There are ethical and logistical challenges to studying health outcomes.
This is a problem for all kinds of health outcomes and diseases. In a perfect world, you’d have a random sample of the population, you’d randomly assign them a certain diet with measured pesticide levels for a fixed amount of time, and you’d follow them and measure their fertility until they died. Unfortunately, studies like this are limited to convenience samples of people, who eat whatever diet they want, and you only get to measure them a few times. Since diet isn’t randomly assigned, researchers try to control for confounding factors by using modelling approaches. Modelling is the best they can do, but there are no guarantees that the results are right.
Incentives to research endocrine disruptors are low.
Who wants to fund research that says that the status quo is hurting us? There are powerful industries and lobbies with lots of money that want to keep pesticides in use. There’s no powerful organic food lobby that can compete with “Big Food”. Funding may be limited for this reason. And when research on the harmful effects of pesticides does get funded, it’s never enough money to carry out the kind of study one would like to do (a randomized control trial over a long time horizon). Limited resources force people to use fewer subjects and lower quality measures of exposure, resulting in lower-quality research.
The burden of proof is on consumers, not producers.
Here’s the fundamental problem: it’s up to consumers to prove that these chemicals are harmful. It seems relatively easy for companies to introduce new pesticides. They ned to show that in lab settings, the chemicals pass certain toxicity tests. However, these tests only tell us about short-term effects in the lab. They don’t say anything about potential long-term effects of eating low doses of pesticides over many years. These things enter the market, and it becomes the consumers’ job to show that they are harmful. Once products are in use it is difficult to get rid of them.
Without changing how pesticides are studied, farmers will continue to spray their crops with endocrine disrupting chemicals.
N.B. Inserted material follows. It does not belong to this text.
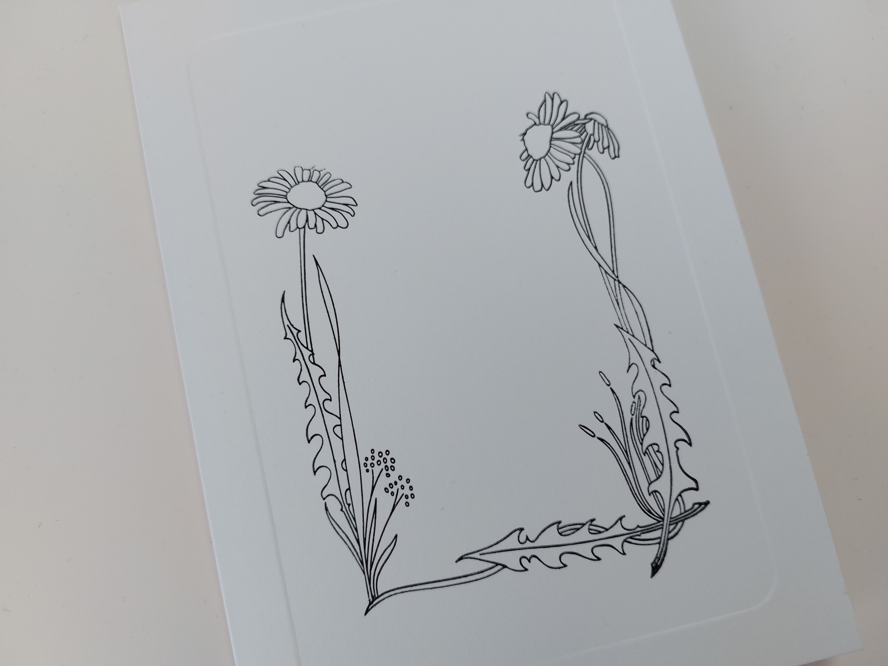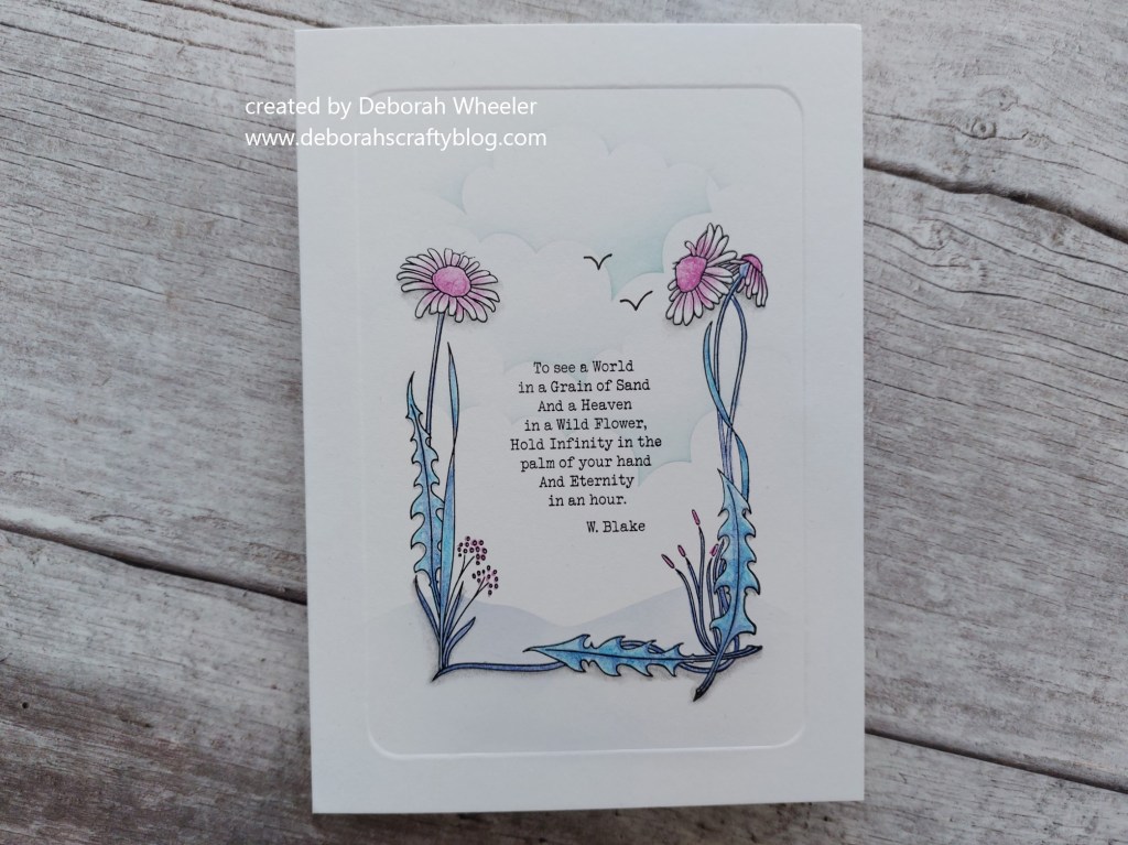 I felt it needed a little something in the background, so lightly brushed ‘chipped sapphire’ Distress Oxide aross Clarity’s ‘hills’ mask to ground the flowers, together with ‘broken china’ across the ‘clouds’ mask for a light sky. I also added a drop shadow around the flowers and leaves using a grey pencil, so it didn’t look quite so flat.

I’d like to see some changes in the way people think about studying the harm of chemical exposures.
- Simply put, do better studies. I realize this kind of effort is difficult and takes a tremendous amount of funding and effort. But the evidence from a small observational study like the ones here is not convincing. I’d like to see more patients, more external validity, and better measures of pesticide exposure. If researchers from different schools could form a consortium and pool their resources, I bet that more compelling findings would come out.
- Take into account prior knowlege when reporting statistical significance. David Colquhoun makes this suggestion in his comment on “Five ways to fix statistics”. If there has been lots of prior work showing that a chemical is harmful, then even if your study does not reach statistical significance at some pre-specified level, you may want to give more credence to a marginally significant result.
- My suggestion for observational data would be to focus on the qualitative results rather than the precise numeric estimates when reporting these studies. I can believe that a positive association is real, but I lose confidence when I hear probabilities being thrown around.
And in a perfect world, regulatory agencies would respond to this kind of evidence and pull products immediately to be examined more rigorously. It would not be such a battle to prove that these chemicals are dangerous. Until then, we have to be vigilant and make smart choices for ourselves.